Problem details. The lines from the top of the material below through the line containing "廃車手続きを進める際、実印の" are to be printed exactly, with pictures omitted.

[Collected material — start]

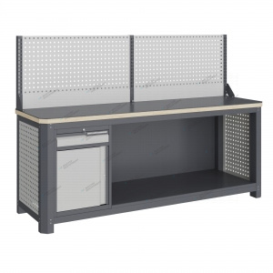 Рама верстака выполнена их холоднокатаной стали. Опоры допускают частичную регулировку по высоте для компенсации неровности пола. Все металлические элементы покрыты полиэфирной порошковой краской, обеспечивающей хорошую износостойкость покрытия и невосприимчивость его к моющим средствам и смазочным веществам. Верстак имеет декларацию соответствия ТР ТС 025/2012 «О безопасности мебельной продукции». Верстак имеет сертификат соответствия ГОСТ Р 58863-2020 «Столы производственные. Верстаки из металла. Общие технические условия». Столешница состоит из листа влагостойкой фанеры марки ФСФ толщиной 40 мм, которая покрыта лаком-антисептиком и листом горячекатаной стали толщиной 5 мм. Глубина столешниц 743 мм. Максимальная масса груза, равномерно распределенного по столешнице, составляет 1500 кг. Модуль верстака выполнен сварными. Ящики в модулях устанавливаются на шариковых телескопических направляющих полного выдвижения. В модуле S7 установлена дверь и две полки. Дверь имеет размеры (ВхШхГ), не более: 578 х 367 х 25 мм. Полка модуля имеет размеры (ВхШхГ), не более: 25 х 367 х 510 мм. Максимально допустимая масса груза, равномерно распределенного по поверхности полки 31 кг. Комплект полка-стенка SW1. Размеры полки (ВхШхГ), не более: 35 х 415 х 619 мм. Размеры стенки (ВхШхГ), не более: 652 х 415 х 25 мм. Максимально допустимая масса груза, равномерно распределенного по поверхности полки 31 кг. Модули с ящиками снабжены общим центральным замком с поворотом ригеля 180 градусов и подпружиненной тягой. В комплекте два ключа для каждого замка. Квадратная перфорация на элементах верстака предназначена для установки крючков, держателей и других аксессуаров, имеет размеры: квадрат 12х12мм. шаг 38мм. Экран (перфорированная панель) верстака выполнен с квадратной перфорацией 12х12 мм с шагом 38 мм для установки крючков, держателей и других аксессуаров. Экран крепятся к столешнице с помощью специальных кронштейнов. Максимальная масса груза, равномерно распределенного по поверхности экрана, составляет 71 кг. Характеристики **Габариты и вес товара с упаковкой Общий вес с упаковкой - 0 кг Упаковка Размеры упаковки (Д*Ш*В), мм Вес, кг Упаковка №1 x x 0 ** Теоретический вес
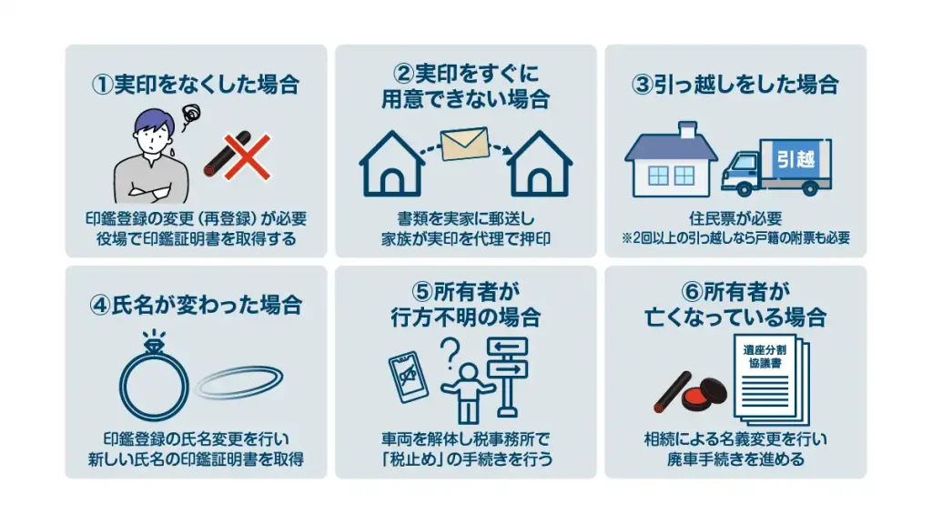 廃車手続きを進める際、実印の紛失や住所変更などの理由で、印鑑証明書をスムーズに用意できない場合があります。
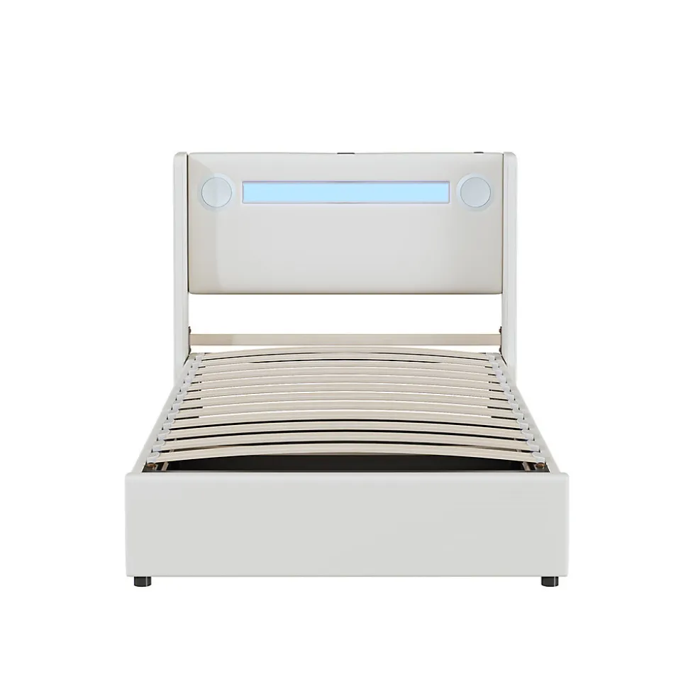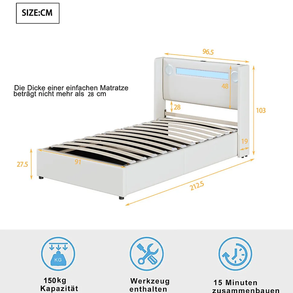 Dimensions totales :212.5×96.5×103 cm (LxPxH)Capacité de charge :150 kgCouleur :blancMatériau :Panneau composite de fibres de bois à densité + métal + cuir PUSurface de couchage :90×200 cmNombre de paquets : 2Poids net :36.00kgMontage nécessaire : OuiMatelas inclus : NonFabriqué en cuir PU :Ce lit est fabriqué en cuir PU, qui est hydrofuge et anti-salissures et facile à nettoyer.Lit multifonctionnel :Ce lit rembourré est équipé d’un lecteur Bluetooth et de 2 ports de charge pour vous faciliter la vie. Le haut-parleur Bluetooth sans fil se connecte à votre téléphone portable pour diffuser de la musique et la barre lumineuse bat au rythme de la musique, créant ainsi un espace de sommeil parfait pour vous.Espace de rangement extra large :Ce lit avec rangement est doté d’un mécanisme de levage hydraulique double facile à utiliser et l’espace de rangement extra large disponible sous le lit est parfait pour les petites maisons ou les appartements avec un espace limité.Construction solide et durable :Ce lit avec rangement est doté d’un cadre en acier et d’un système de support de lattes en bois robuste, ce qui le rend durable et silencieux. Il peut supporter un poids allant jusqu’à 150 kg sans nécessiter de sommier ou de base de matelas.Cadre de lit facile à assembler :Les dimensions totales du lit sont de 212,5 x 96,5 x 103 cm. Le lit est expédié en deux colis. Il arrive que les deux colis n’arrivent pas le même jour. Veuillez patienter 2 ou 3 jours supplémentaires ou contacter l’un de nos sympathiques représentants du service clientèle pour obtenir de l’aide.Remarques :En raison des mesures manuelles, une erreur de 2 à 3 cm peut se produire.En raison de la lumière, il peut y avoir des différences de couleur entre l’image du produit et le produit réel.Veuillez vous référer au produit que vous avez réellement reçu.
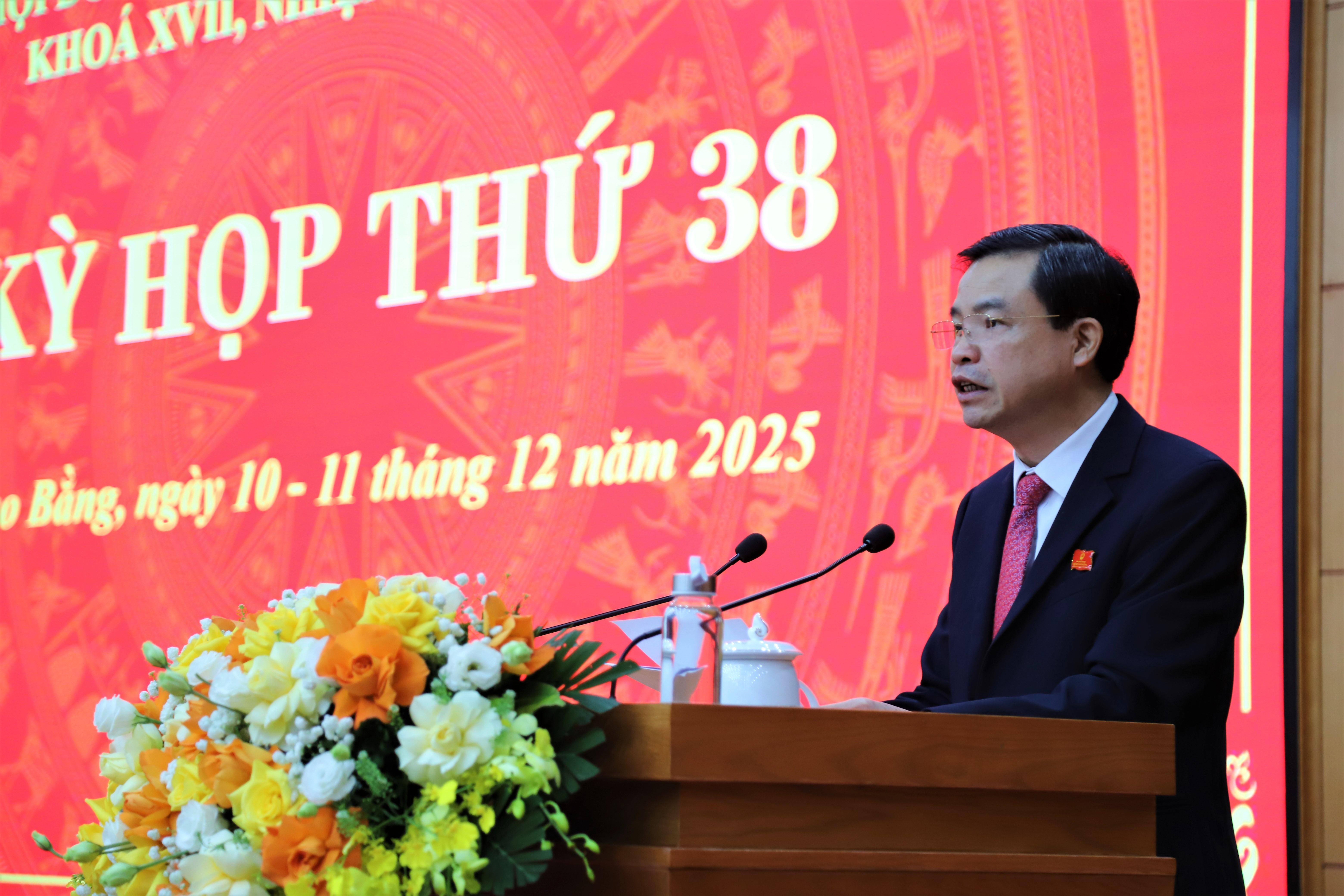 Sáng 10/12, HĐND tỉnh khóa XVII, nhiệm kỳ 2021 - 2026 khai mạc Kỳ họp thứ 38 (kỳ họp thường lệ cuối năm 2025). Các đồng chí: Bế Thanh Tịnh, Phó Bí thư Thường trực Tỉnh ủy, Chủ tịch HĐND tỉnh; Hà Nhật Lệ, Tỉnh ủy viên, Phó Chủ tịch HĐND tỉnh đồng chủ trì.

[Collected material — finish]

Answer below.
 Рама верстака выполнена их холоднокатаной стали. Опоры допускают частичную регулировку по высоте для компенсации неровности пола. Все металлические элементы покрыты полиэфирной порошковой краской, обеспечивающей хорошую износостойкость покрытия и невосприимчивость его к моющим средствам и смазочным веществам. Верстак имеет декларацию соответствия ТР ТС 025/2012 «О безопасности мебельной продукции». Верстак имеет сертификат соответствия ГОСТ Р 58863-2020 «Столы производственные. Верстаки из металла. Общие технические условия». Столешница состоит из листа влагостойкой фанеры марки ФСФ толщиной 40 мм, которая покрыта лаком-антисептиком и листом горячекатаной стали толщиной 5 мм. Глубина столешниц 743 мм. Максимальная масса груза, равномерно распределенного по столешнице, составляет 1500 кг. Модуль верстака выполнен сварными. Ящики в модулях устанавливаются на шариковых телескопических направляющих полного выдвижения. В модуле S7 установлена дверь и две полки. Дверь имеет размеры (ВхШхГ), не более: 578 х 367 х 25 мм. Полка модуля имеет размеры (ВхШхГ), не более: 25 х 367 х 510 мм. Максимально допустимая масса груза, равномерно распределенного по поверхности полки 31 кг. Комплект полка-стенка SW1. Размеры полки (ВхШхГ), не более: 35 х 415 х 619 мм. Размеры стенки (ВхШхГ), не более: 652 х 415 х 25 мм. Максимально допустимая масса груза, равномерно распределенного по поверхности полки 31 кг. Модули с ящиками снабжены общим центральным замком с поворотом ригеля 180 градусов и подпружиненной тягой. В комплекте два ключа для каждого замка. Квадратная перфорация на элементах верстака предназначена для установки крючков, держателей и других аксессуаров, имеет размеры: квадрат 12х12мм. шаг 38мм. Экран (перфорированная панель) верстака выполнен с квадратной перфорацией 12х12 мм с шагом 38 мм для установки крючков, держателей и других аксессуаров. Экран крепятся к столешнице с помощью специальных кронштейнов. Максимальная масса груза, равномерно распределенного по поверхности экрана, составляет 71 кг. Характеристики **Габариты и вес товара с упаковкой Общий вес с упаковкой - 0 кг Упаковка Размеры упаковки (Д*Ш*В), мм Вес, кг Упаковка №1 x x 0 ** Теоретический вес
 廃車手続きを進める際、実印の紛失や住所変更などの理由で、印鑑証明書をスムーズに用意できない場合があります。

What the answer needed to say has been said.